The other night I left my house to go to Bible study and before I got out of our neighborhood I felt the need to scream. Yep. Scream. It had been a busy day. I had a speaking engagement that morning before which I needed to make sure my house was “show-ready” for some potential buyers. Yes, we’ve had our house on the market. Which also meant I needed to drop off my kids and dogs at my mom’s house before the speaking event. All without getting sweaty and frustrated.
By God’s grace, it all went well. I kept it together while corralling all my people and animals. And I definitely sensed the Lord’s presence while speaking to that group of moms. Fast forward to the end of the day, after errands and dinner prep, when I got in my car alone to drive to Bible study. That’s when I needed to scream. So I screamed. Really loud. And it felt nice. Then I prayed. Also really loud about the current stuff in my life and spirit. And then I “heard” God speak a truth so clearly that it was as if He was sitting in the passenger seat talking audibly.
He said, “You’ll get to the other side of these things and you will know and see that I was faithful every single step of the way, Lara.” Exhale. I repeated it aloud, “I’ll get to the other side and see Your faithfulness. I’ll be able to identify things You did and doors You opened or closed. And I’ll praise You, Lord! Which means I can go ahead and praise You now for the ways You will keep on being faithful!” Exhale.

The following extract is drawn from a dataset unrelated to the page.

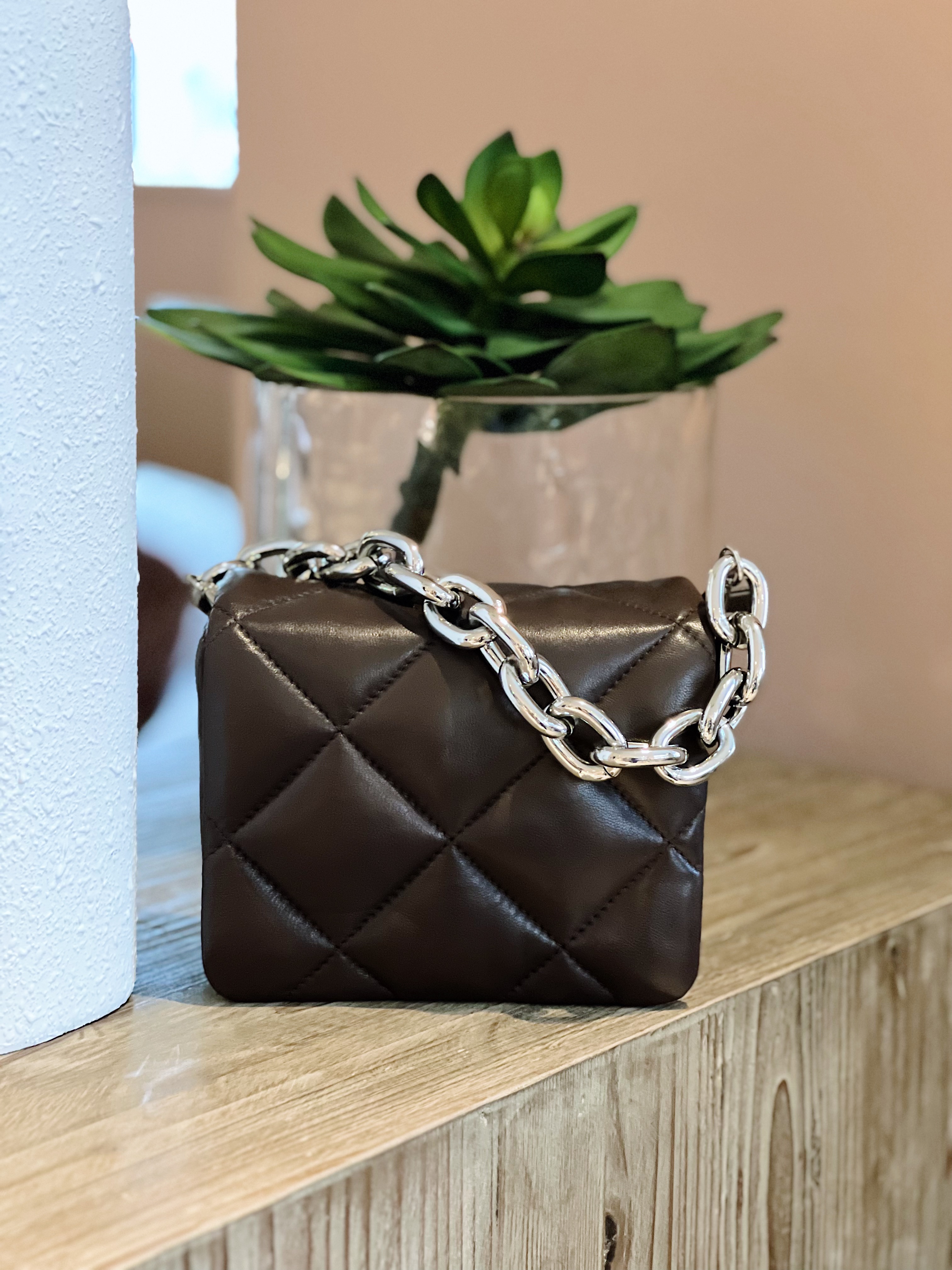 «Hestia bag» fra Stand Studio er en rålekker skinnveske. Avtakbar lang skulderstropp, Chunky kjedehåndtak, Innvendig skinnlomme, Magnetisk knappelukking

As I thought about the reality of that truth, hope and rest started to arise in me. I confessed my short-sightedness and I asked Him for greater faith in order that I would believe Him. And I praised Him. Because He promises to be faithful to His children. He promises.
So what if, in the middle of whatever the thing is that’s causing us to scream a little, we chose to praise Him for the finished work up ahead? What if we chose to believe that He will indeed work all things together for the good of those who love Him? I’m not talking the sugary sweet, vanilla latte kind of good — though He does those things too. But I mean the real good. The eternal good. The good that transforms us and sanctifies us. The good that draws us deep into the ultimate Good — our Father God.

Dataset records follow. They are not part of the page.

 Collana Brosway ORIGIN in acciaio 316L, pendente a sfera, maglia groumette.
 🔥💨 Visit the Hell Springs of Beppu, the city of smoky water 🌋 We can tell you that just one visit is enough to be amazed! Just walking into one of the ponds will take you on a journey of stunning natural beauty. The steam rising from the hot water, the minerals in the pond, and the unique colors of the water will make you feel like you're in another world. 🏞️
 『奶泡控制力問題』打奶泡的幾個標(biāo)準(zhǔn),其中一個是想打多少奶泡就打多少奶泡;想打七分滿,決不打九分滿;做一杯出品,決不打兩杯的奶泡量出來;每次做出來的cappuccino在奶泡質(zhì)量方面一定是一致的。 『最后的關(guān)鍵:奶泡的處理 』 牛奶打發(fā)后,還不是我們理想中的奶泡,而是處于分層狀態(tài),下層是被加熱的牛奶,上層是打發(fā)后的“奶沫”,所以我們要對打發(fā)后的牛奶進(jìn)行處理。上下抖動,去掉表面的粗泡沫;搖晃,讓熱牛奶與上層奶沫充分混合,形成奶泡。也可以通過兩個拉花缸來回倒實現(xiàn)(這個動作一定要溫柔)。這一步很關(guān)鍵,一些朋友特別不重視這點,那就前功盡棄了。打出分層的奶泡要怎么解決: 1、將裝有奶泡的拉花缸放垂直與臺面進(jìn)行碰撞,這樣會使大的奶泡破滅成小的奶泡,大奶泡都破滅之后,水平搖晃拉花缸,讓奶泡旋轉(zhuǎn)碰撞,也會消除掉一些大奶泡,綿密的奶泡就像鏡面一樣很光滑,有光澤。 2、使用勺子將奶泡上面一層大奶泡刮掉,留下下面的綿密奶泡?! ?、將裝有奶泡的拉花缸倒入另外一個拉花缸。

I’m thinking that choice would affect our screaming. The choice to praise Him for how He is and will be faithful will cause hope to arise — hope in the love and character of our God. Press on, friends. Press on.
Fill me, Lord…
What causes you to “scream” in life these days?
I pray that today would be a day of great rest of soul, specifically about that issue, as you meditate upon the faithfulness of our God.